Maurizio Acerbo, segretario nazionale del Partito della Rifondazione Comunista – Sinistra Europea, ripercorre la drammatica cronaca dell’impianto. Dopo il primo incidente che costò la vita a tre operai, Acerbo e Augusto De Sanctis denunciarono le inadempienze della Prefettura e delle altre autorità competenti rispetto a uno stabilimento classificato ad alto rischio secondo la Direttiva Seveso. A quella tragedia seguì una seconda esplosione che mietè altre tre vittime.
La multinazionale turca ha richiesto al comitato VIA della Regione Abruzzo l’autorizzazione per avviare la produzione di proiettili esplosivi.

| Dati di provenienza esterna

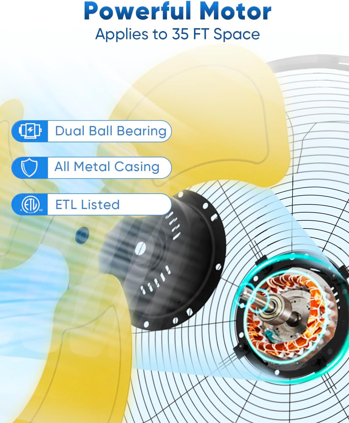 - Ultra-Durable Construction: Features an ETL certified, overload-protected ball-bearing motor, UL listed power cord, 3 blades aluminum fan, and OSHA compliant powder coated steel grille for years of rugged use.
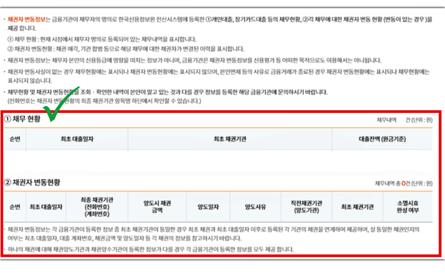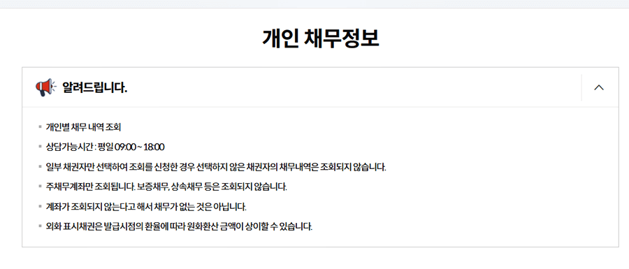 1. 한국신용정보원 개인채무 조회

Acerbo chiede alla Regione di negare questo nulla osta e sollecita l’intervento dei poteri pubblici affinché dispongano la chiusura definitiva dello stabilimento, definito come una “fabbrica di morte” legata al ciclo militare.

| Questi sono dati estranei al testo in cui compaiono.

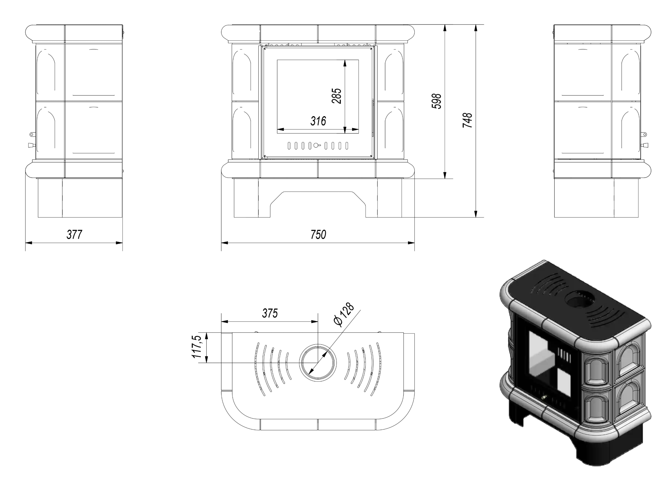 Flue Outlet Diameter (Ø130 mm) – Compatible with standard chimney systems

Secondo il segretario di Rifondazione, la struttura sembra essere stata protetta da servizi segreti e apparati dello stato. Acerbo ricorda che nel 1999 il proprietario e il direttore tecnico della Sabino patteggiarono per il possesso illegale di dieci tonnellate di esplosivo T4. Negli anni Novanta, Rifondazione Comunista con l’allora deputato Antonio Saia presentò un’interrogazione parlamentare riguardante esplosivi partiti dai porti abruzzesi con destinazione il Medio Oriente e l’ex Jugoslavia.
Acerbo conclude sostenendo che sarebbe necessario liberare il territorio da una presenza così pericolosa, garantendo contemporaneamente alternative occupazionali alla maestranza.